In this letter to Minister Stephen Lecce, ETFO president Sam Hammond writes that modifications are required to PPM 164 to respect teacher professional judgment and to ensure families stay engaged in public education until all students can return to in-person learning.
Elementary Teachers' Federation of Ontario
Fédération des enseignantes et des enseignants de l'élémentaire de l'Ontario
136 Isabella St
Toronto ON M4Y 0B5
January 20, 2021
The Honourable Stephen Lecce
Minister of Education
438 University Ave
Toronto, ON M5G 2K8
Dear Minister Lecce:
Much of our collective focus has been on the COVID-19 pandemic’s impact on in-person learning. Educators firmly believe that quality in-person learning, when done safely, is what is best for our students. There are several actions which need to be taken to address the health and safety of our schools. However, there also remain critical issues which threaten the sustainability of emergency distance learning.
We believe modifications are required to PPM 164 to respect teacher professional judgment and to ensure families stay engaged in public education until all students can return to in-person learning. Staff have raised the issue specifically regarding the rigidity of minimum synchronous learning requirements in PPM 164. As you know, four- and five-year-olds are expected to attend 180 minutes of synchronous learning while students in grades 1-8 require a minimum of 225 minutes.
The Canadian Paediatric Society continues to counsel parents to minimize young children’s screen time. Prolonged screen time can cause sleep disturbances and lead to depression and obesity. Educators in remote learning programs need to build in breaks and physical activity for their students. The Ministry’s mandated minimum times for synchronous learning are very challenging for young children.
Educators are still seeing many of the same challenges that occurred last spring for some families including sick family members, stress, lack of engagement, no adult at home to supervise, limitations of technology and internet connectivity issues. They are left to do their best to accommodate a wide variety of specific needs related to the online elements while also supporting existing learning needs.
As you know, many educators are also parents themselves and are balancing multiple responsibilities as they support their students through this pandemic. Providing local school boards the flexibility to respond to the needs of education workers, is necessary to sustain this type of programming.

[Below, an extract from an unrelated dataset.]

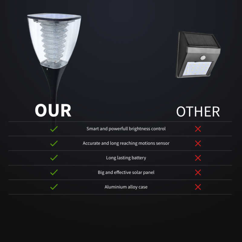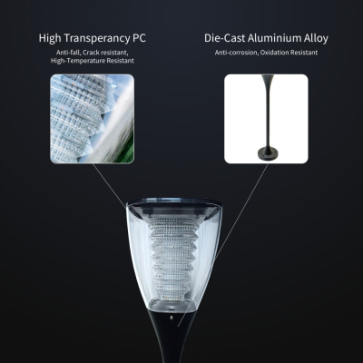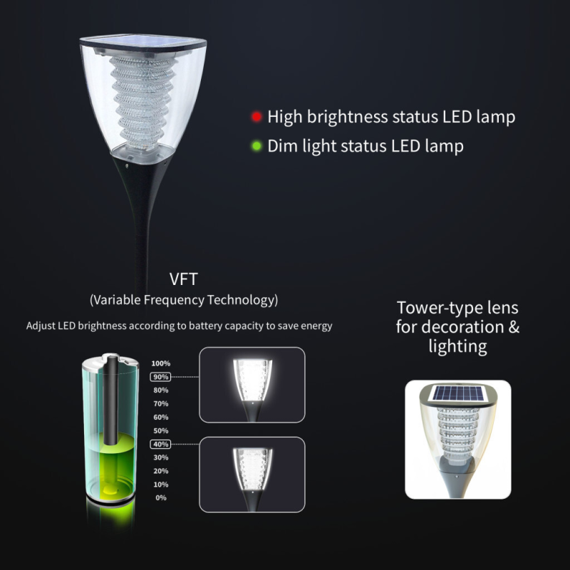 ALS2.0 + VFT + TCS intelligentne valgustustehnoloogia öiseks valgustuseks („Kogu öö valgustus“), isegi pilvise või vihmase ilma korral., Materjal: polükarbonaatplast., Päikesevalgus mõjutab otseselt aku laadimisaega.

With a membership that is over 80% women, we are acutely aware of the disproportionate impact this pandemic has had on women. The disruptions to childcare and school resulting from the pandemic, as well as the effect of necessary public health measures, such as limiting contact to a single household, have led to many challenges. These extra burdens for Ontario families have been largely carried by women.
We are focused on ensuring families stay engaged in public education despite the significant challenges and frequent closing of schools. We are also deeply concerned about the impact on educators’ well-being caused by the rigidity of certain directions from the Ministry, like PPM 164. These concerns have been raised by staff with the Deputy Minister and I hope that modifications are forthcoming.